Ipotizziamo un luogo che ha staccato 10.000 biglietti nel 2017, (solo 1000 dei nostri musei raggiungono tale soglia annuale) paradossalmente nessuno sarà in grado di dirci se la stessa persona ha acquistato la totalità degli ingressi o se si è trattato di 10.000 individui diversi. Uomini o donne? Bambini o anziani? Locali, nazionali o internazionali? Quanto è durata mediamente la visita? In quali aree si sono soffermati maggiormente ed in quali meno? Quante volte sono ritornate? E’ stata una esperienza individuale o con amici/familiari? Quali sono state le opere/esperienze che li hanno maggiormente colpiti? Quante foto o post hanno condiviso sui social prima, durante e dopo l’esperienza? Oltre al biglietto hanno fruito del bookshop o dell’area bar? Se si, quale è stato il loro ARPU (average revenue per user o guadagno medio per singolo utente)? Senza i dati è impossibile effettuare una programmazione nazionale e locale e si continuerà sempre ad inseguire singole opinioni ed intuizioni, più o meno brillanti.
Conoscere il pubblico è la conditio sine qua non per governare le politiche culturali e programmare il futuro. La resistenza al cambiamento è contigua ad una inveterata convinzione che i luoghi culturali, in quanto responsabili della conservazione di quello che fu, non debbano rispondere a coloro i quali vivono il presente ed ancor meno lavorare per diventare spazi ad uso e consumo delle future generazioni con tutti i mutamenti, strutturali, gestionali e di rimodulazione dell’offerta, che questo comporta.

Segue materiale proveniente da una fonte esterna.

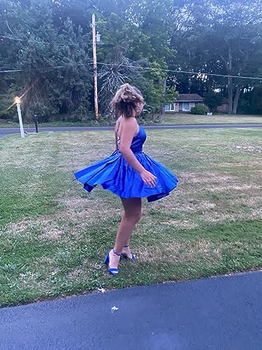 POMUYOO Spaghetti Strap Short Satin Homecoming Dresses for Teens A-line Cocktail Prom Gown with Pockets YG154 5
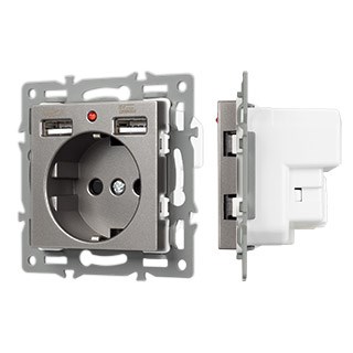 Механизм розетки с заземлением на 1 пост, совместим с рамками серий VERSA/GLARE/PRESTO. Помимо основного разъема, так же предусмотрено два выхода USB Type-A. Накладной тип монтажа позволяет с легкостью произвести монтаж/замену. Видимая часть механизма выполнена из высококачественного тугоплавкого пластика серого цвета. Контактная часть присоединяется при помощи винтовых зажимов, а усиленные монтажные лапки надежно фиксируют механизм в установочном подрозетнике. Степень защиты IP20 допускает использование устройства во влажных помещениях, с соблюдением требований эксплуатации.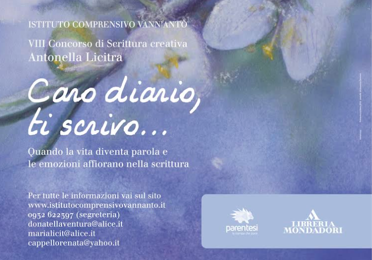 RAGUSA – Spegne otto candeline quest’anno il concorso di scrittura creativa “Caro diario, ti scrivo…” dedicato all’insegnante Antonella Licitra, scomparsa prematuramente qualche anno fa, moglie dell’artista Sandro Bracchitta. Ad organizzarlo come sempre l’Istituto Comprensivo “Vann’Antò” di Ragusa che il prossimo 31 maggio accoglierà i finalisti di questa ottava edizione, scelti tra gli alunni delle III classi delle scuole secondarie inferiori del Comune di Ragusa che sono stati invitati ad elaborare un testo inedito, sotto forma di diario, in cui raccontare esperienze di vita, emozioni o sentimenti.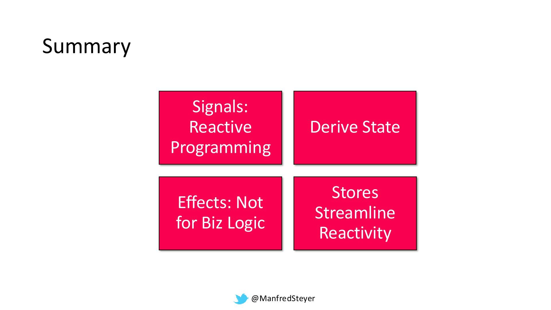 @ManfredSteyer Summary Signals: Reactive Programming Derive State Effects: Not for

La diretta conseguenza di queste decennali politiche culturali è stato il dimezzamento della partecipazione nei musei italiani del bacino demografico 15-24 nel 2011 (se paragonato al 1999) a fronte di una triplicarsi degli anziani (65 anni e oltre), che passano dal 4,5% a oltre il 13%. I luoghi culturali italiani, salvo alcune oasi felici, hanno interamente rinunciato a parlare alle ultime due generazioni che in ambito marketing e sociale vengono definite come Y (1980-2000) e Z (nati dopo il 2000) che, non per coincidenza, sono quelle cresciute e nate durante la rivoluzione post-industriale di cui internet è l’emblema. Entrambe rappresentano una coorte con tratti assimilabili ed in netta divergenza rispetto alla coorte precedente rappresentata dai Baby Boomers (1940-1959) e X (1960-1979).

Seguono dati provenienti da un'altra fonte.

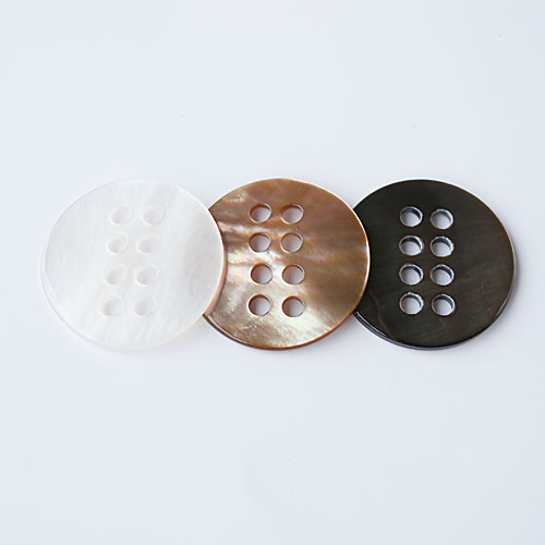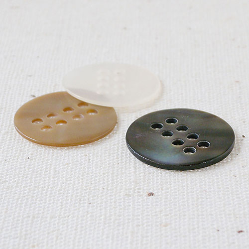 天然素材の貝でできた、ボタン穴に特徴のあるボタンです。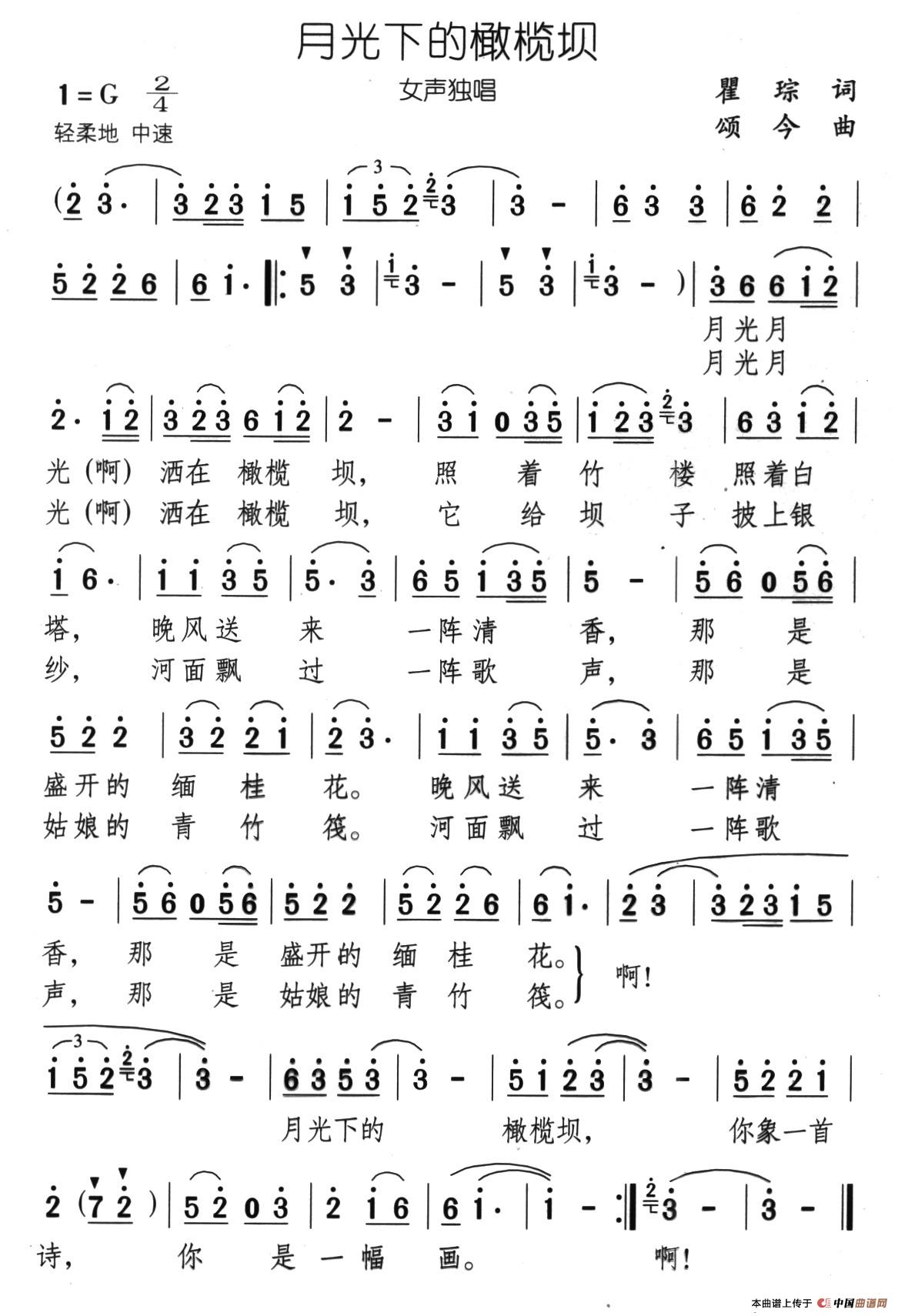 致谢:《中国曲谱网》衷心感谢作者老师馈赠原版歌谱!

Su questo tema ho avuto diverse occasioni di soffermarmi specificatamente, pertanto rinvio alla lettura di miei precedenti contributi su Artribune e Giornale delle Fondazioni.

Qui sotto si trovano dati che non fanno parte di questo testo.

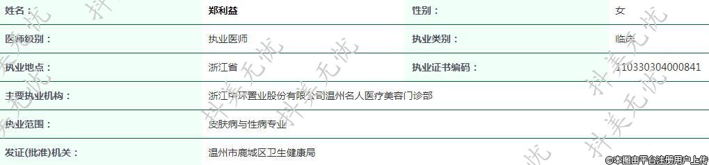 溫州名人醫(yī)療美容執(zhí)業(yè)醫(yī)師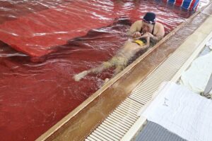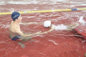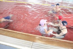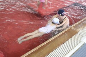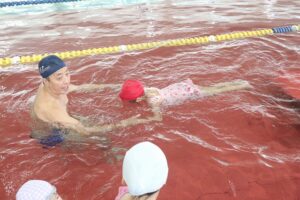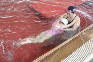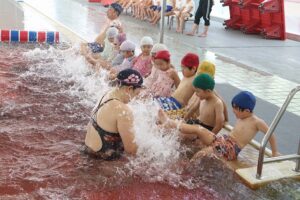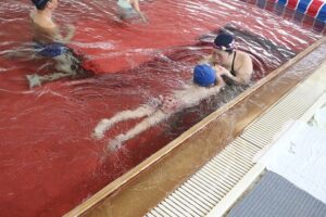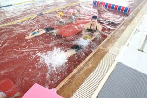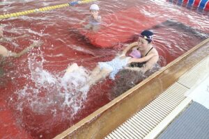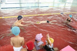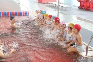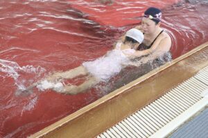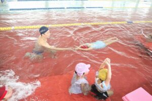 温水プールも残りあと1回。楽しんで、水と触れ合ってほしいと思います。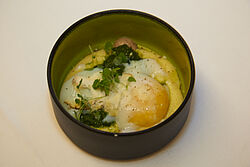 - Zwerghuhn-Onsen-Ei l Rahmpolenta l junger Spinat l fermentierte Knoblauch-Mayo l Belper Knolle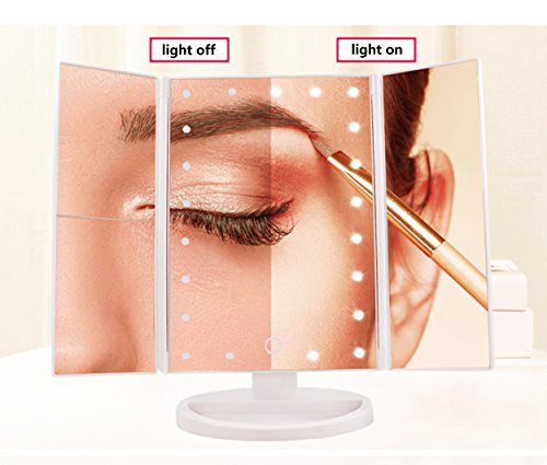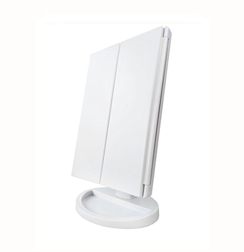 Makeup Mirror with 3 Panels and 21 Light Settings 180 Degree Free Rotation Countertop Cosmetic (White)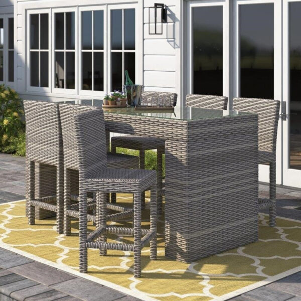 Entertain outdoors with this 7-piece pub table set, giving you plenty of space to spread out a buffet of hot dogs or a few of your favorite drinks. Founded atop an aluminum frame, its table features clean lines and two legs, and is wrapped in hand-woven resin wicker. Its weather-, water-, UV-, and rust-resistant, making it safe to sit outdoors. Plus, its topped off with tempered glass, which is easy to clean and provides a smooth surface for plates and glasses. Six chairs of the same construction are also included.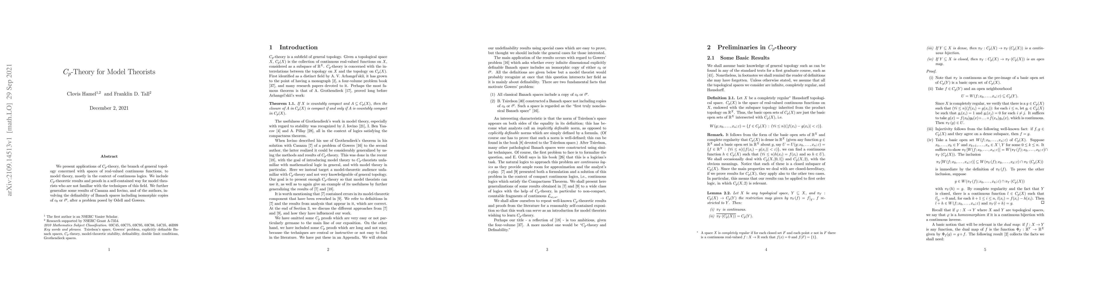 This paper applies $C_p$-theory to model theory, generalizing results on definability of Banach spaces and providing new insights for continuous logics. It offers a self-contained introduction to $C_p$-theoretic techniques for model theorists.

Possono i nostri luoghi culturali prescindere dalle nuove generazioni?
In assenza di dati significativi italiani, ho deciso di fare riferimento ai comportamenti dei “millenials” americani che attivamente visitano luoghi culturali. Pur essendo i tassi di partecipazione culturale italiani, ed europei in generali, superiori rispetto agli States mi interessa particolarmente comprendere chi sono i giovani che entrano in un museo, come trascorrono le loro giornate, cosa amano e cosa non amano fare. Informazioni psico-comportamentali essenziali per correggere numerose distorsioni in atto nell’offerta culturale.
Analizzando e comparando i dati degli americani, suddivisi in GEN X (1960-80) e GEN Y (1980-2000), che hanno visitato almeno una volta una istituzione culturale nell’ultimo biennio emergono interessanti spunti di riflessione immediatamente traducibili in pratiche quotidiane di programmazione e gestione.
Si rileva l’importanza di una relazione tra istituzione culturale e mondo universitario e post universitario, un connubio in grado di dar vita a centri di ricerca congiunti e finanche alla co-abitazione di una medesima struttura. Uno degli esempi europei è lo ZKM di Karlsruhe, Centro di Arte e Tecnologia di caratura internazionale in cui convivono le funzioni tipiche di un museo, 3 centri di ricerca e sperimentazione congiunti e trovano casa alcuni dipartimenti universitari. Il risultato? Nel 2017 il 53% dei visitatori è under 35 con una media ben più bassa rispetto al resto del circuito culturale tedesco ed europeo in generale.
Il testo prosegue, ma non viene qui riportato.